_Aim of the exercise:_ Restate every record exactly as it is written, while omitting the pictures it holds.

_Saved entries:_
[Start of section]

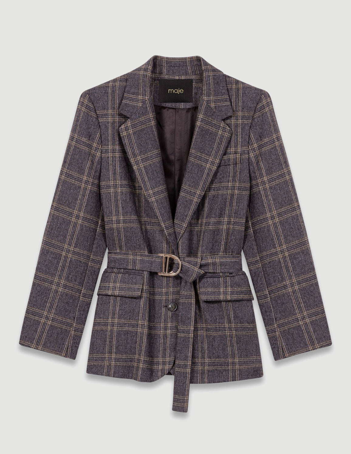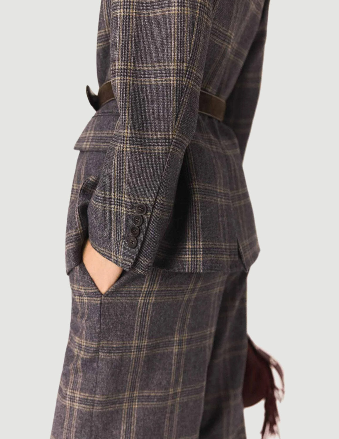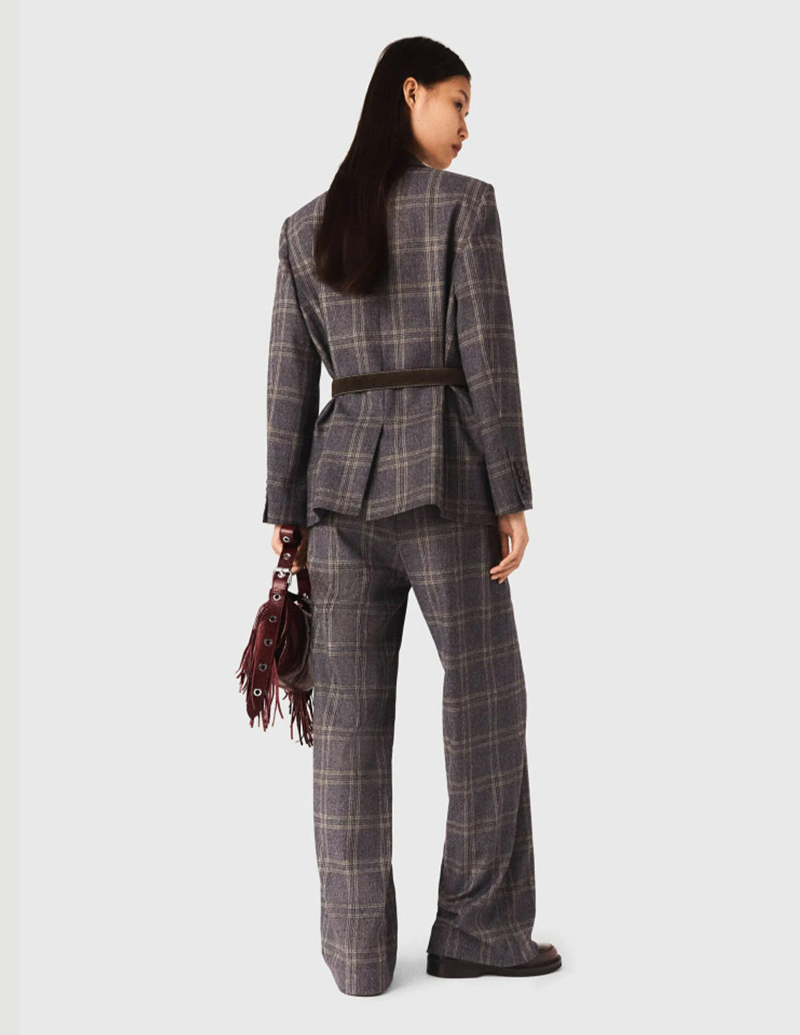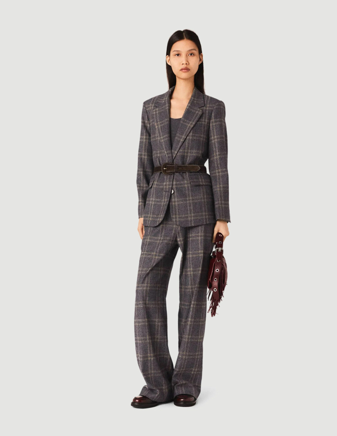 • With its bold checks and removable structuring belt, this jacket embodies modern elegance. Featuring long sleeves and a button fastening, it adapts to all styles. Worn as a total look with the matching trousers, it is accessorised with the season's signature pieces: a fringed leather bag and leather boots.
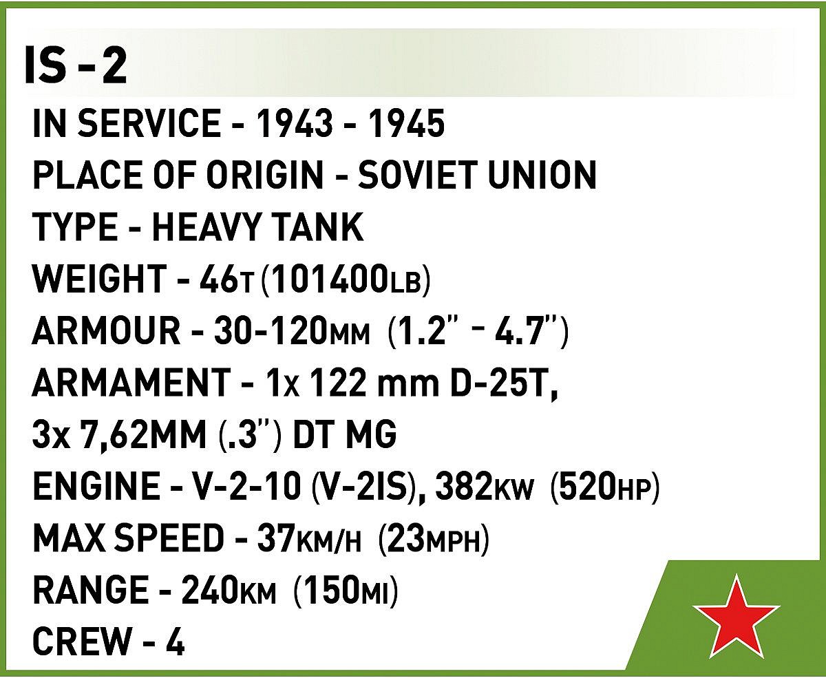 Czołg IS-2 został opracowany w 1943 roku jako następca wcześniejszych modeli czołgów ciężkich służących w Armii Czerwonej. Jego załoga składała się z 4 osób. Głównym uzbrojeniem była armata kal. 122 mm, która mogła przebić pancerze najlepszych niemieckich czołgów takich jak Tygrys i Pantera. IS-2 odegrał ważną rolę w bitwie o Berlin, gdzie przyczynił się do ostatecznej klęski III Rzeszy.
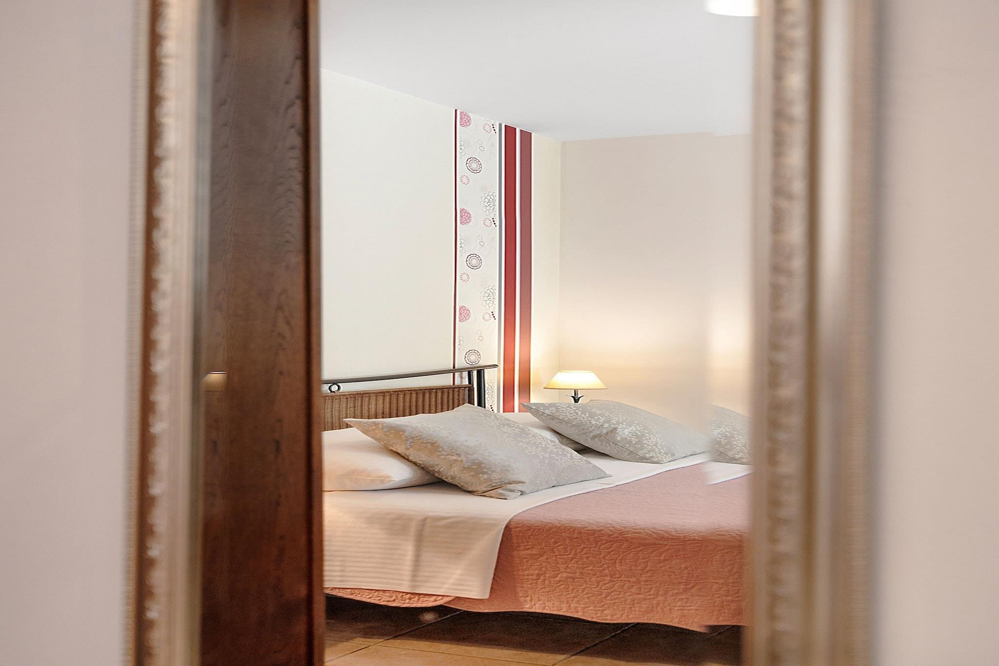 Gemt i den fredelige landsby Banjol på Rab Island er denne indbydende lejlighed perfekt til par, der søger en afslappende kystflugt. Det har en king-size seng, eget badeværelse og et fuldt udstyret køkken til nem tilberedning af måltider. En barneseng er tilgængelig efter anmodning, og der opkræves et slutrengøringsgebyr. Træd udenfor til en frodig have med en fælles jacuzzi og skyggefulde loungeområder, ideelle til at slappe af efter en stranddag. Gæsterne kan også nyde at grille på det udendørs grillområde. Der er gratis privat parkering på stedet. Kun 250 meter fra en sandstrand er lejligheden ideelt placeret for at udforske Rabs naturlige skønhed og historiske charme. Gå en tur gennem Old Town Rab, besøg ruinerne af St. Damians fæstning, eller nyd frisk fisk og skaldyr på nærliggende restauranter. Med aircondition, trådløs internetadgang og udendørs parkering tilbyder denne ikke-ryger, kæledyrsfri studio et roligt og behageligt ophold.
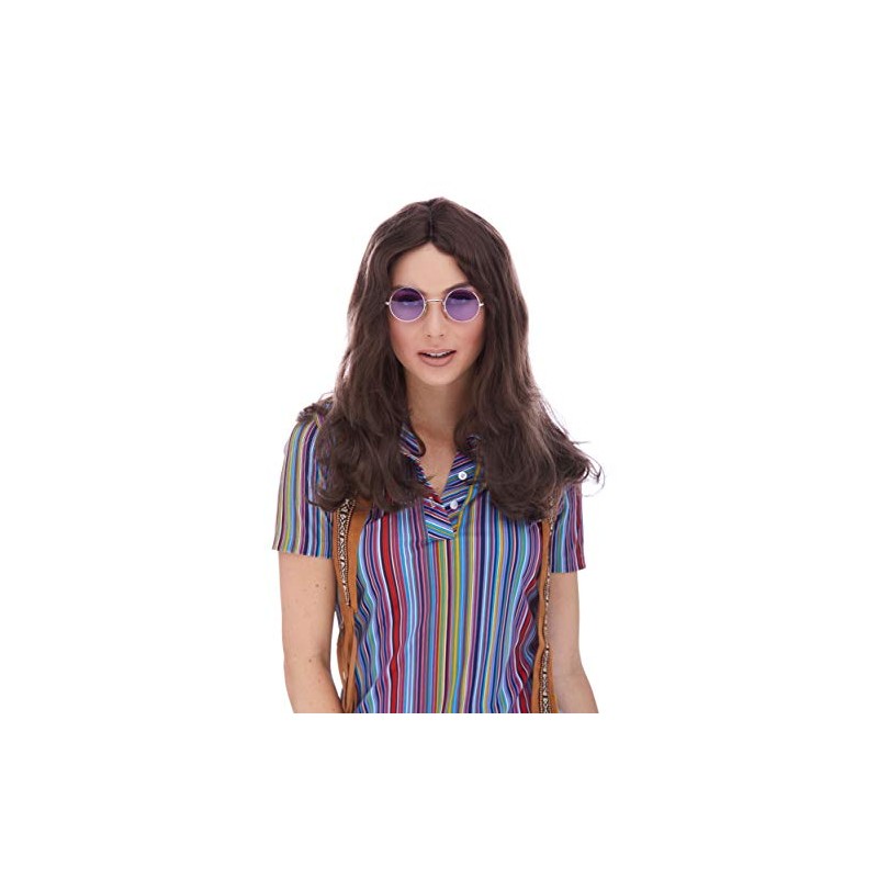 - Hippie Unisex Color 6 Brown - Sepia Wigs Deluxe 23" Long Medium length Woodstock High Quality Synthetic Middle Part Halloween Cosplay Disfraz Peluca
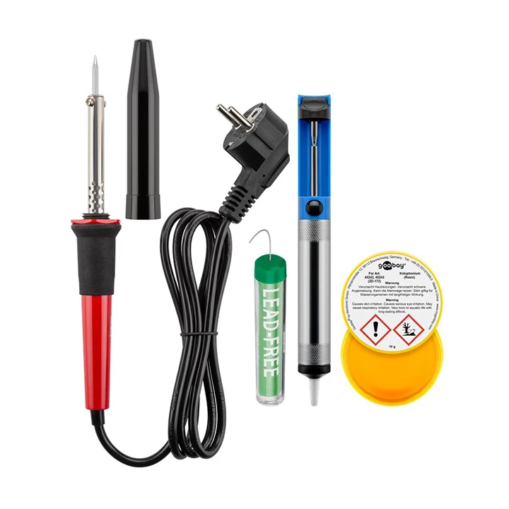 | - 1 x lemilica 30W, 1 x vakuum pumpa za odlemljivanje, 1 x lem bez olova, 1 x mast za lemljenje (kolofonijum) |
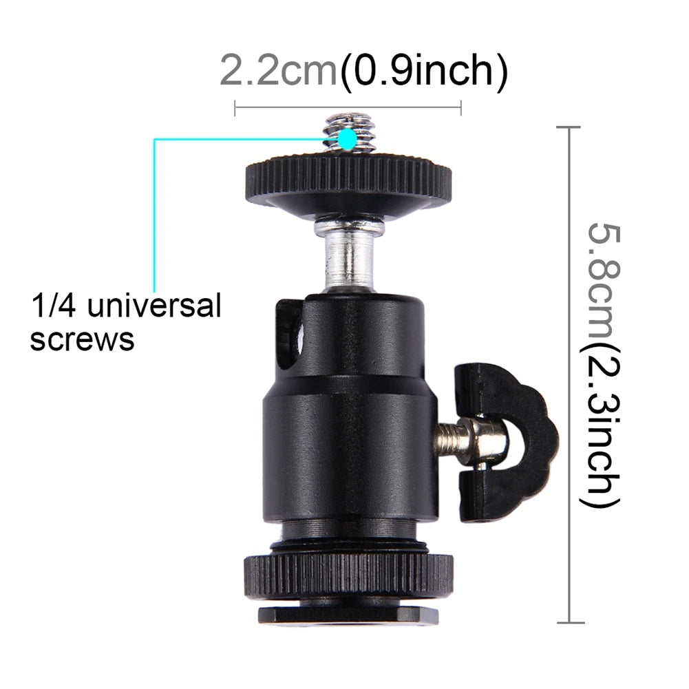1/4 inch universal screw, compatible with Canon/ Nikon/ Sony/Pentax compact cameras and other light weight DSLRs with 1/4 inch thread, max load 1kg/2.2Ib.
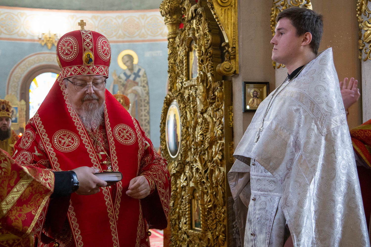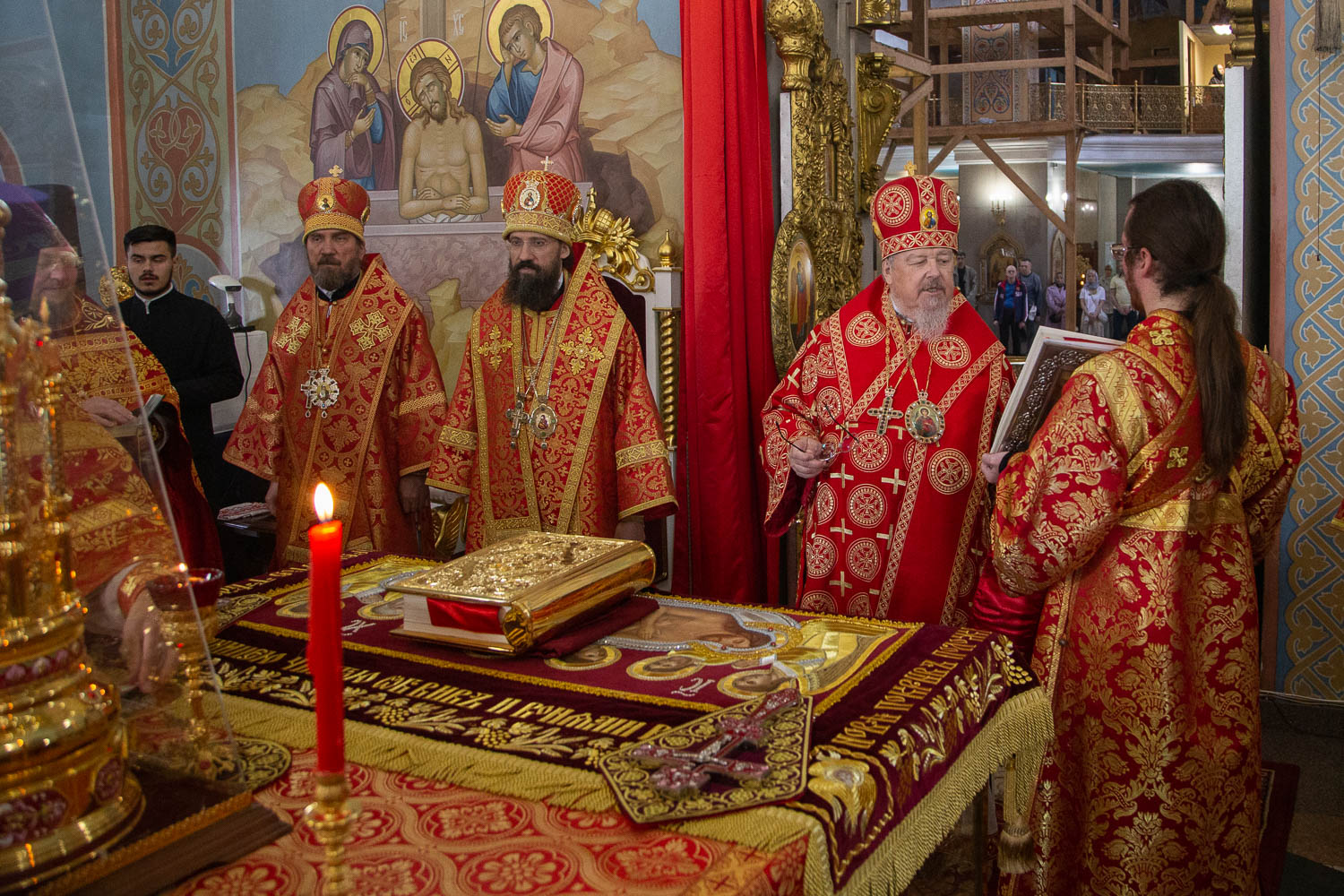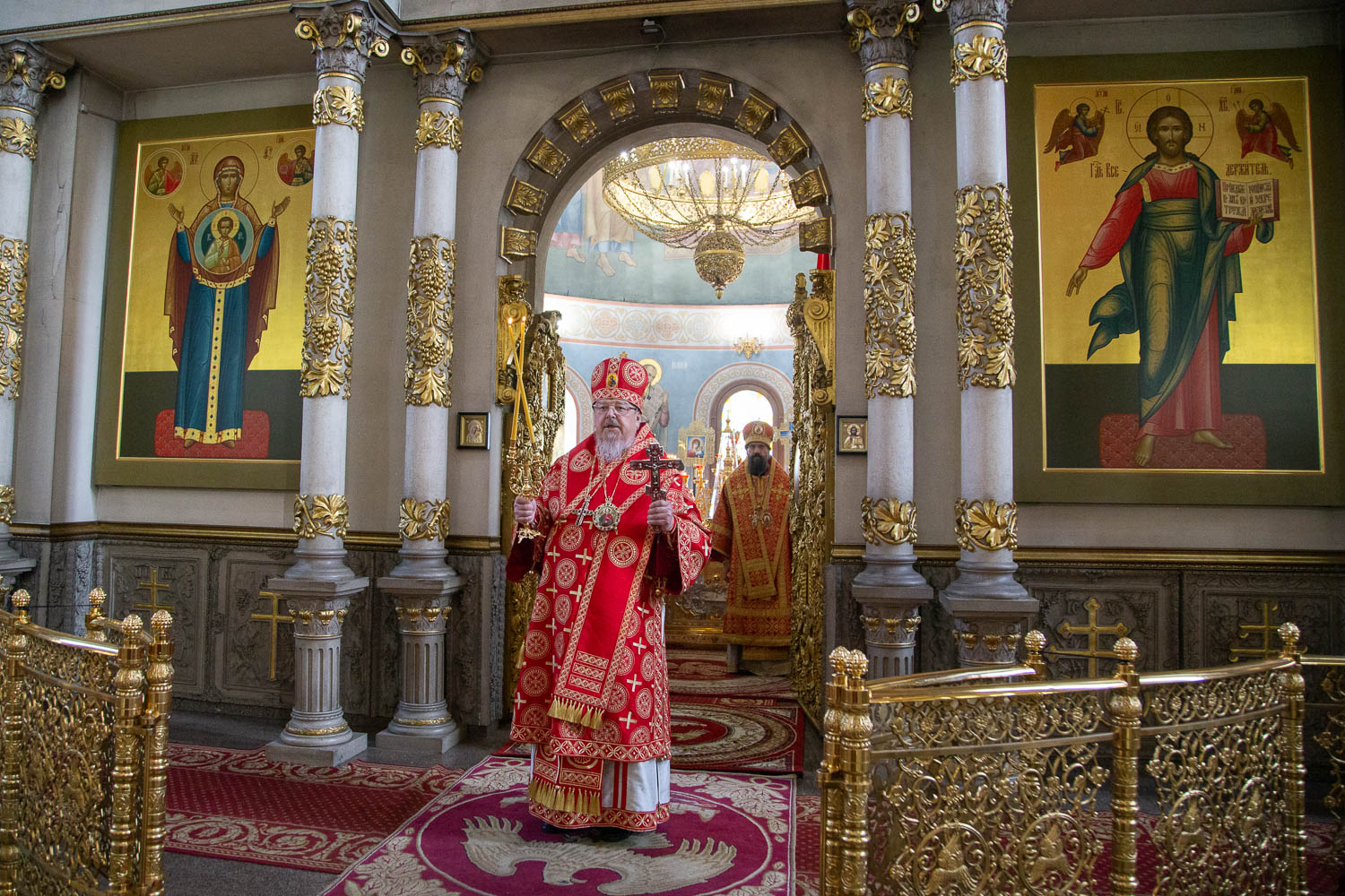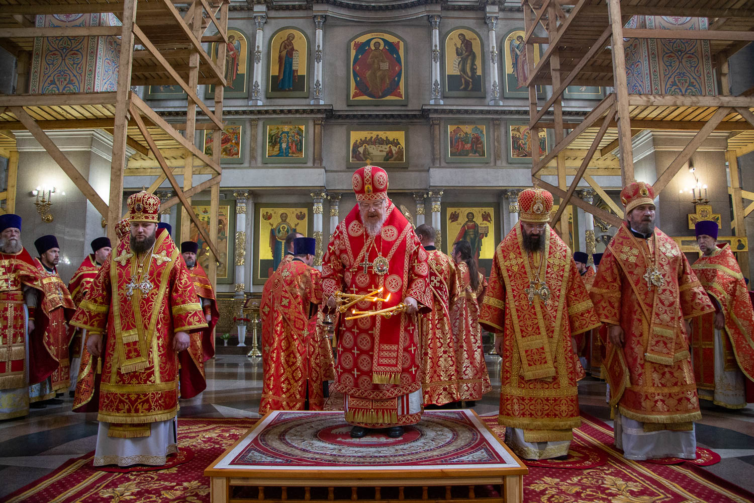За Литургией архиереям сослужили: секретарь Красноярской епархии, благочинный церквей Левобережного городского округа Красноярска, наместник красноярского Успенского мужского монастыря игумен Иннокентий (Нилов); заведующий канцелярией Красноярской епархии, настоятель Иоанно-Предтеченского храма Красноярска протоиерей Николай Ши-кэ-мин; благочинный церквей Правобережного округа Красноярска, настоятель храма Рождества Христова Красноярска протоиерей Максим Смоляков; председатель Миссионерского отдела Красноярской епархии, благочинный Красноярского окружного благочиния, настоятель Трёхсвятительского храма Красноярска иерей Василий Вершинский; секретарь Минусинской епархии, благочинный церквей Минусинского округа, настоятель Спасского собора города Минусинска протоиерей Евгений Нещерет и штатные священнослужители Красноярской епархии.

[End of section]

_Answer:_
 • With its bold checks and removable structuring belt, this jacket embodies modern elegance. Featuring long sleeves and a button fastening, it adapts to all styles. Worn as a total look with the matching trousers, it is accessorised with the season's signature pieces: a fringed leather bag and leather boots.
 Czołg IS-2 został opracowany w 1943 roku jako następca wcześniejszych modeli czołgów ciężkich służących w Armii Czerwonej. Jego załoga składała się z 4 osób. Głównym uzbrojeniem była armata kal. 122 mm, która mogła przebić pancerze najlepszych niemieckich czołgów takich jak Tygrys i Pantera. IS-2 odegrał ważną rolę w bitwie o Berlin, gdzie przyczynił się do ostatecznej klęski III Rzeszy.
 Gemt i den fredelige landsby Banjol på Rab Island er denne indbydende lejlighed perfekt til par, der søger en afslappende kystflugt. Det har en king-size seng, eget badeværelse og et fuldt udstyret køkken til nem tilberedning af måltider. En barneseng er tilgængelig efter anmodning, og der opkræves et slutrengøringsgebyr. Træd udenfor til en frodig have med en fælles jacuzzi og skyggefulde loungeområder, ideelle til at slappe af efter en stranddag. Gæsterne kan også nyde at grille på det udendørs grillområde. Der er gratis privat parkering på stedet. Kun 250 meter fra en sandstrand er lejligheden ideelt placeret for at udforske Rabs naturlige skønhed og historiske charme. Gå en tur gennem Old Town Rab, besøg ruinerne af St. Damians fæstning, eller nyd frisk fisk og skaldyr på nærliggende restauranter. Med aircondition, trådløs internetadgang og udendørs parkering tilbyder denne ikke-ryger, kæledyrsfri studio et roligt og behageligt ophold.
 - Hippie Unisex Color 6 Brown - Sepia Wigs Deluxe 23" Long Medium length Woodstock High Quality Synthetic Middle Part Halloween Cosplay Disfraz Peluca
 | - 1 x lemilica 30W, 1 x vakuum pumpa za odlemljivanje, 1 x lem bez olova, 1 x mast za lemljenje (kolofonijum) |
1/4 inch universal screw, compatible with Canon/ Nikon/ Sony/Pentax compact cameras and other light weight DSLRs with 1/4 inch thread, max load 1kg/2.2Ib.
За Литургией архиереям сослужили: секретарь Красноярской епархии, благочинный церквей Левобережного городского округа Красноярска, наместник красноярского Успенского мужского монастыря игумен Иннокентий (Нилов); заведующий канцелярией Красноярской епархии, настоятель Иоанно-Предтеченского храма Красноярска протоиерей Николай Ши-кэ-мин; благочинный церквей Правобережного округа Красноярска, настоятель храма Рождества Христова Красноярска протоиерей Максим Смоляков; председатель Миссионерского отдела Красноярской епархии, благочинный Красноярского окружного благочиния, настоятель Трёхсвятительского храма Красноярска иерей Василий Вершинский; секретарь Минусинской епархии, благочинный церквей Минусинского округа, настоятель Спасского собора города Минусинска протоиерей Евгений Нещерет и штатные священнослужители Красноярской епархии.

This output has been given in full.